Task —
Retype the lines of the listing below exactly, but only those from the one containing "Eine stabile Steintreppe" through the last line; pictures stay out.

====

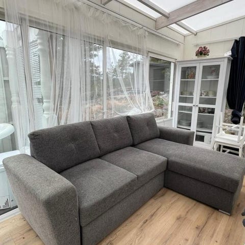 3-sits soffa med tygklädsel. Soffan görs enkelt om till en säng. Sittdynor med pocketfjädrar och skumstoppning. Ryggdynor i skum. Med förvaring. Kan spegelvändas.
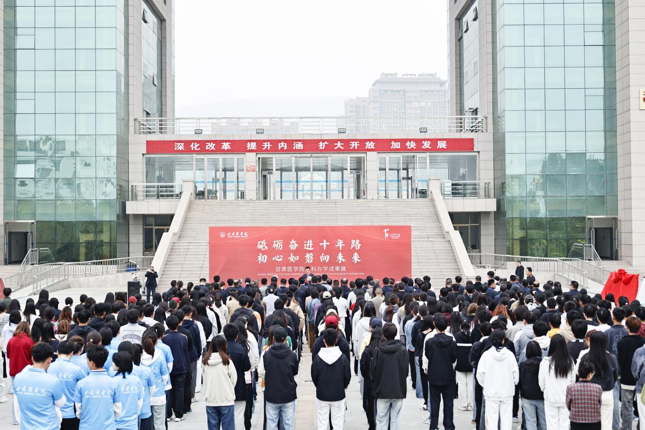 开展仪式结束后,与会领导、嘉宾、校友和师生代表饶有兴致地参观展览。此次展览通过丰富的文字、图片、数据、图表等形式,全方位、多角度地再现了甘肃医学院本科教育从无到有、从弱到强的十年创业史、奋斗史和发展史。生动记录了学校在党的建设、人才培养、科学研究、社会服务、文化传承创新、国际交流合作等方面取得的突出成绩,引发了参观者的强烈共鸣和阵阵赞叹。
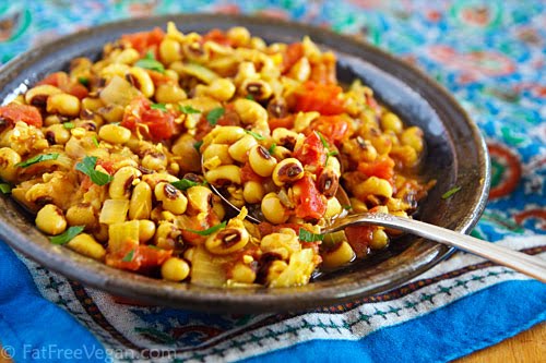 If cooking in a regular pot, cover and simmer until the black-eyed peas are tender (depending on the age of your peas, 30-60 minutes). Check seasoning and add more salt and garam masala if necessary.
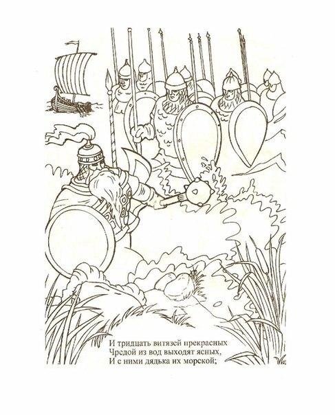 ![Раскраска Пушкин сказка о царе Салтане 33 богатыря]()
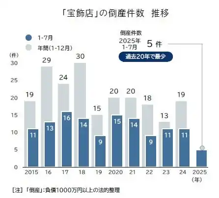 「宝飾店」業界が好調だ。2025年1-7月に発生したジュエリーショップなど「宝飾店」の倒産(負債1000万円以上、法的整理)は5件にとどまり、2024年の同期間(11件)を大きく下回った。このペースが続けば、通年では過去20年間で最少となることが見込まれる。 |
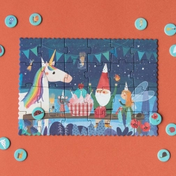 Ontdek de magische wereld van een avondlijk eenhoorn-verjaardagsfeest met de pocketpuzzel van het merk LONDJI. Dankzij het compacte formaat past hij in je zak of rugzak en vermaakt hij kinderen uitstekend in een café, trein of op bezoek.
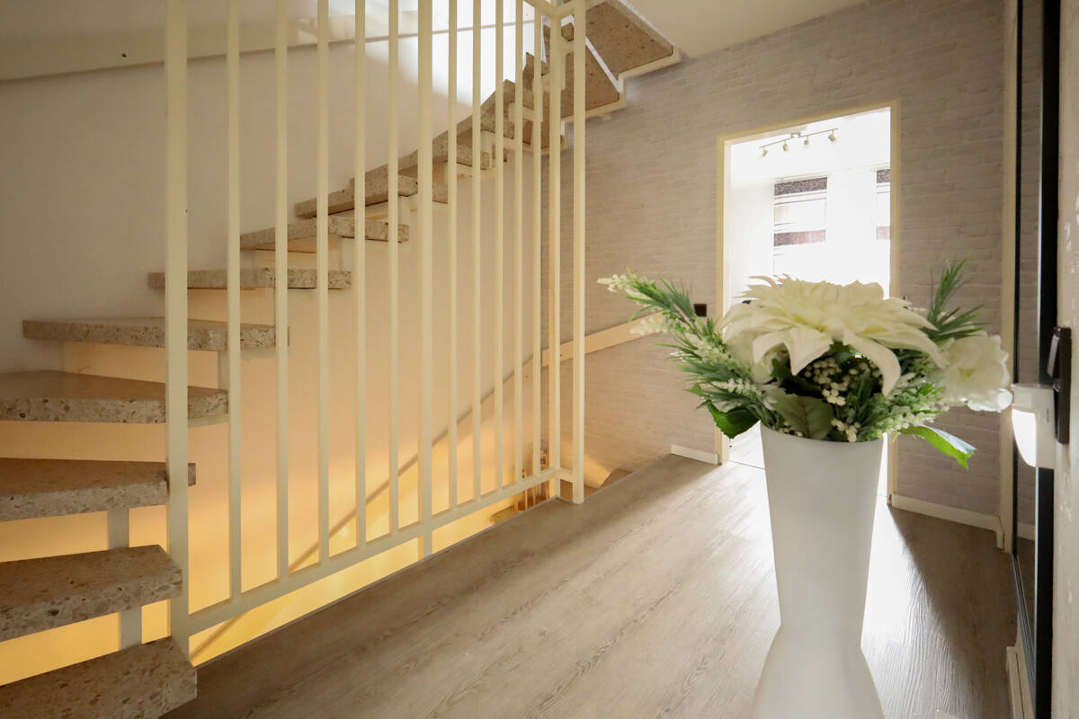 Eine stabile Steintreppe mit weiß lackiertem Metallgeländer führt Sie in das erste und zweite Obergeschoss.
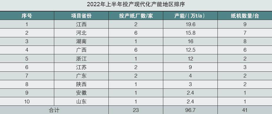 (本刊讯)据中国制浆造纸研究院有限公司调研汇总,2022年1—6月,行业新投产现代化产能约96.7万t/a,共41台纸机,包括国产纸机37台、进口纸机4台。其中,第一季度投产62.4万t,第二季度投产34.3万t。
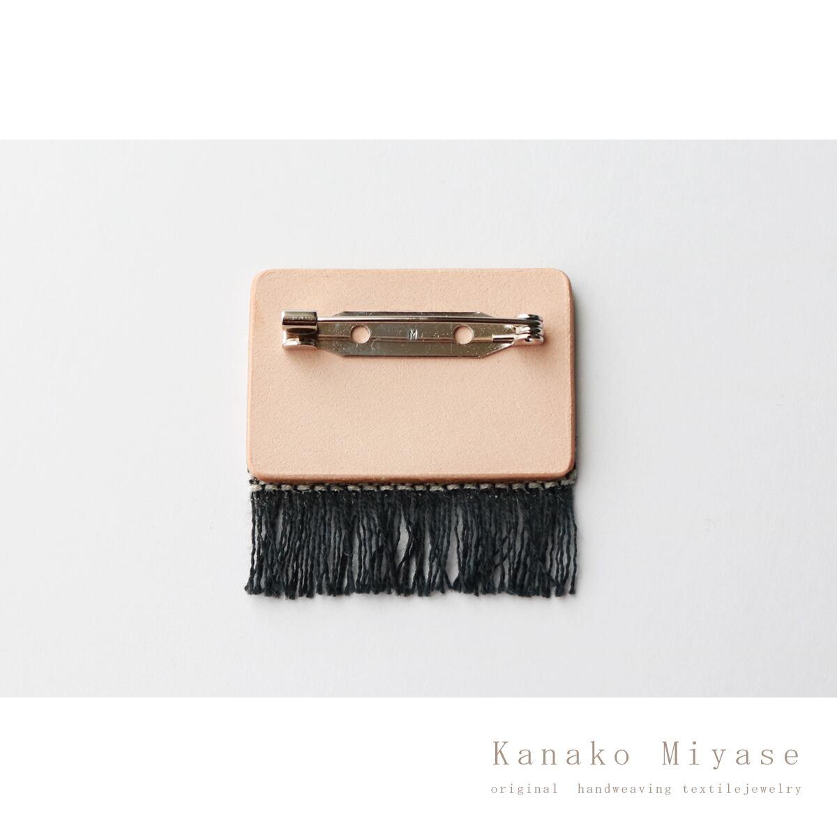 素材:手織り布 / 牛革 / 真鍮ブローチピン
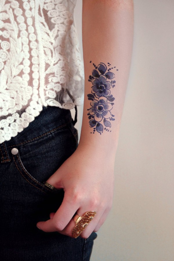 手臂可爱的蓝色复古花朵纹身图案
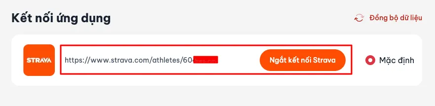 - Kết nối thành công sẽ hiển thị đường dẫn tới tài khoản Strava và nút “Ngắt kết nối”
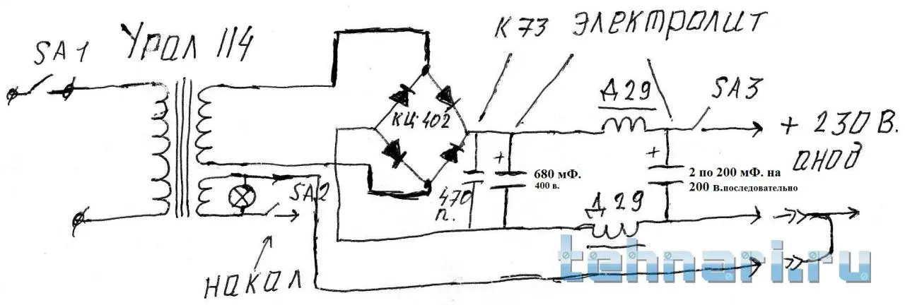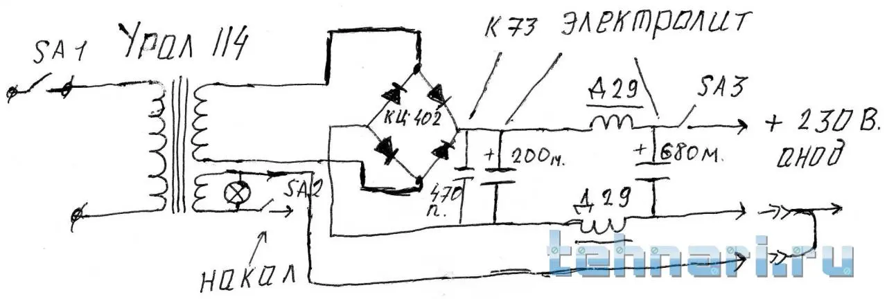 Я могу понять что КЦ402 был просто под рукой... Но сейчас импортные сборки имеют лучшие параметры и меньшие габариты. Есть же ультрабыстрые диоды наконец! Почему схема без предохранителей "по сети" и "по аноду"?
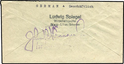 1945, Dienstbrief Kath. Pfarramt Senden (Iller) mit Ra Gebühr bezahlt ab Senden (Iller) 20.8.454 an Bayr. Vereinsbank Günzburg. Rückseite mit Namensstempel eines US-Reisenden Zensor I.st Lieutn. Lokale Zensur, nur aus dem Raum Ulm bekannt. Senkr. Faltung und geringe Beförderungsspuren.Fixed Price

====

Exercise response —
 Eine stabile Steintreppe mit weiß lackiertem Metallgeländer führt Sie in das erste und zweite Obergeschoss.
 (本刊讯)据中国制浆造纸研究院有限公司调研汇总,2022年1—6月,行业新投产现代化产能约96.7万t/a,共41台纸机,包括国产纸机37台、进口纸机4台。其中,第一季度投产62.4万t,第二季度投产34.3万t。
 素材:手織り布 / 牛革 / 真鍮ブローチピン
 手臂可爱的蓝色复古花朵纹身图案
 - Kết nối thành công sẽ hiển thị đường dẫn tới tài khoản Strava và nút “Ngắt kết nối”
 Я могу понять что КЦ402 был просто под рукой... Но сейчас импортные сборки имеют лучшие параметры и меньшие габариты. Есть же ультрабыстрые диоды наконец! Почему схема без предохранителей "по сети" и "по аноду"?
 1945, Dienstbrief Kath. Pfarramt Senden (Iller) mit Ra Gebühr bezahlt ab Senden (Iller) 20.8.454 an Bayr. Vereinsbank Günzburg. Rückseite mit Namensstempel eines US-Reisenden Zensor I.st Lieutn. Lokale Zensur, nur aus dem Raum Ulm bekannt. Senkr. Faltung und geringe Beförderungsspuren.Fixed Price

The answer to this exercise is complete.